Data under study.

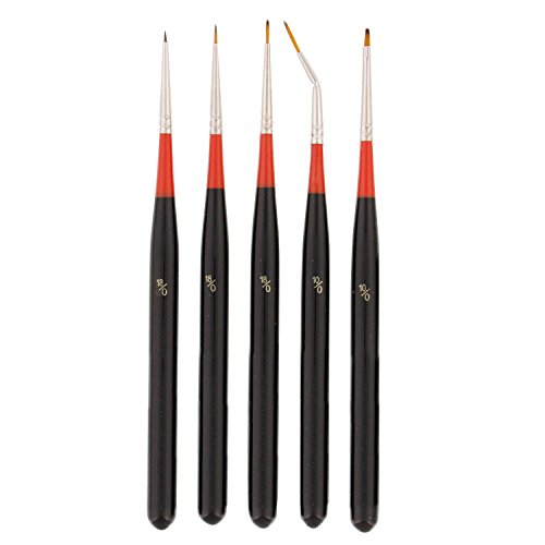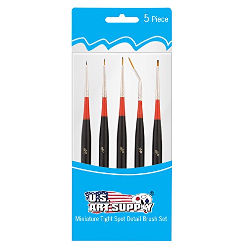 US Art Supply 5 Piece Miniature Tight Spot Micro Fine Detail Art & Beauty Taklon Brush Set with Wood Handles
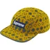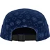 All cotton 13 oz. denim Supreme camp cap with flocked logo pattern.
---
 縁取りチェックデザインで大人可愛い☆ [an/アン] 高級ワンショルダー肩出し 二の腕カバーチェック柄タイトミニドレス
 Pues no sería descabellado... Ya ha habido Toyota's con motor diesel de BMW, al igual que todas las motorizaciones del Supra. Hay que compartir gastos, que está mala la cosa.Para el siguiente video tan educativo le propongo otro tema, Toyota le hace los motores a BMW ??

Task.
Would you please repeat only the lines above, beginning at the one that has "US Art Supply" and stopping after the one that has "All cotton 13", exactly and with no pictures?

Finished exercise.
 US Art Supply 5 Piece Miniature Tight Spot Micro Fine Detail Art & Beauty Taklon Brush Set with Wood Handles
 All cotton 13 oz. denim Supreme camp cap with flocked logo pattern.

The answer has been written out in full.